2. Information We Collect

Personal Information:

  • Name, email address, phone number, and business information
  • Billing and payment information (processed securely through Stripe)
  • Client data and fitness information you input into our platform
  • Account credentials and authentication information

Technical Information:

  • IP address, device type, browser type, and operating system
  • Usage data, including pages visited, features used, and time spent
  • Cookies and similar tracking technologies
  • Log files and error reports

3. How and Why We Use Your Information

We only use your information when we have a valid reason to do so. The table below explains our purposes and the legal basis we rely on for each (as required under GDPR and UK GDPR):

Service Provision (Legal basis: Contract):

We need to process your data to deliver the service you signed up for.

  • Provide, operate, and maintain our fitness management platform
  • Process payments and manage subscriptions
  • Deliver customer support and respond to inquiries
  • Send important service-related communications (e.g. downtime notices, billing updates)

Platform Improvement (Legal basis: Legitimate Interest):

We have a legitimate interest in improving our platform, and we balance this against your privacy rights.

  • Analyze usage patterns to improve our services
  • Develop new features and functionality
  • Conduct research and analytics (using anonymized data only)
  • Prevent fraud and ensure platform security

Marketing (Legal basis: Consent):

We will only send you marketing communications if you have opted in. You can withdraw consent at any time.

Legal Compliance (Legal basis: Legal Obligation):

We may need to process your data to comply with tax, accounting, or other legal requirements.

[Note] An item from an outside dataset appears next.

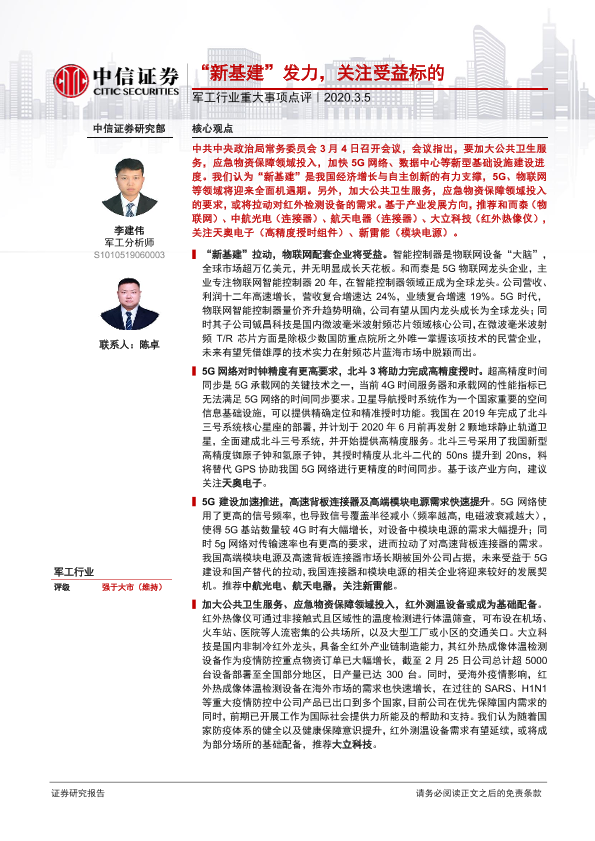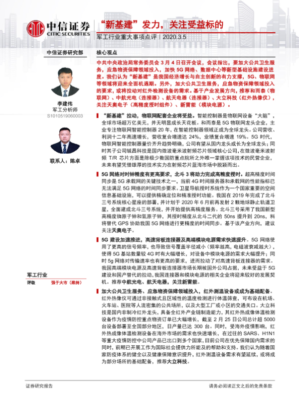 【中信证券】【20200305】军工行业重大事项点评:“新基建”发力,关注受益标的-3页

4. Information Sharing and Disclosure

We Do NOT Sell Your Data

We do not sell, trade, or rent your personal information to third parties for marketing or advertising purposes. We do not “share” your personal information for cross-context behavioral advertising (as defined under California's CCPA/CPRA).

Limited Sharing:

We only share your information in the following limited circumstances:

  • Service Providers: Trusted third parties who assist in platform operations (e.g. Stripe for payment processing, Supabase for data hosting). These providers are contractually required to protect your data and can only use it to provide services to us.
  • Legal Requirements: When required by law, court order, or to protect the rights, safety, or property of Build Stability, our users, or the public
  • Business Transfers: In connection with a merger, acquisition, or sale of assets. If this happens, we will notify you before your data is transferred and becomes subject to a different privacy policy.
  • With Your Consent: When you explicitly consent to sharing

AI-Powered Analytics and Client Profiling

Our Platform uses AI to analyse your business data and provide actionable insights. These features process data you have already entered into the Platform:

Engagement Scoring: We calculate engagement scores for your clients based on session attendance patterns, booking frequency, and cancellation history. These scores help you identify clients who may need additional attention.

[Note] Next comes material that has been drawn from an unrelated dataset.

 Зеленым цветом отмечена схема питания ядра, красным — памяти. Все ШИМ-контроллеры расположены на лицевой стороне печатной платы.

Churn Prediction: We analyse client behaviour patterns (such as declining attendance, reduced booking frequency, and session cancellations) to predict which clients may be at risk of leaving. This is automated profiling as defined under GDPR Article 22.

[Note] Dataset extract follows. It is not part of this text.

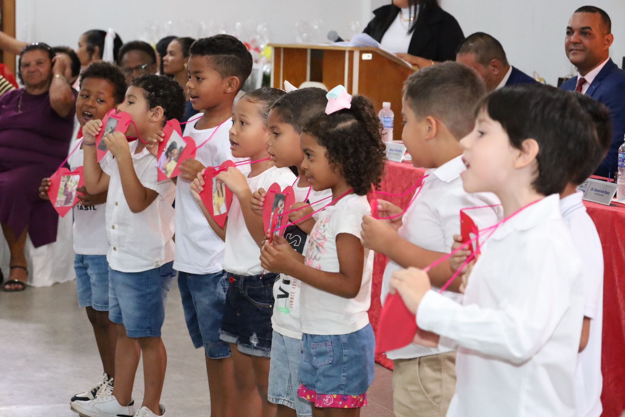 O evento contou com a presença de autoridades, entre secretários municipais, diretores escolares, militares e representantes comerciais, todos unidos em uma celebração de amor e gratidão.

AI Assistant: Our conversational AI assistant can access your business data (schedules, client records, revenue, session notes including RPE and injury notes) to answer questions and generate insights. Data is processed by our AI service provider (OpenAI) as described below.

Legal Basis: We process this data under our legitimate interest in providing you with business intelligence features that are core to the Platform (GDPR Article 6(1)(f)). For health-adjacent data such as injury notes and RPE, we rely on your explicit consent at the point of data entry (GDPR Article 9(2)(a)).

Your Rights: You have the right to object to automated profiling and to request human review of any automated decision. Contact us at privacy@buildstability.com.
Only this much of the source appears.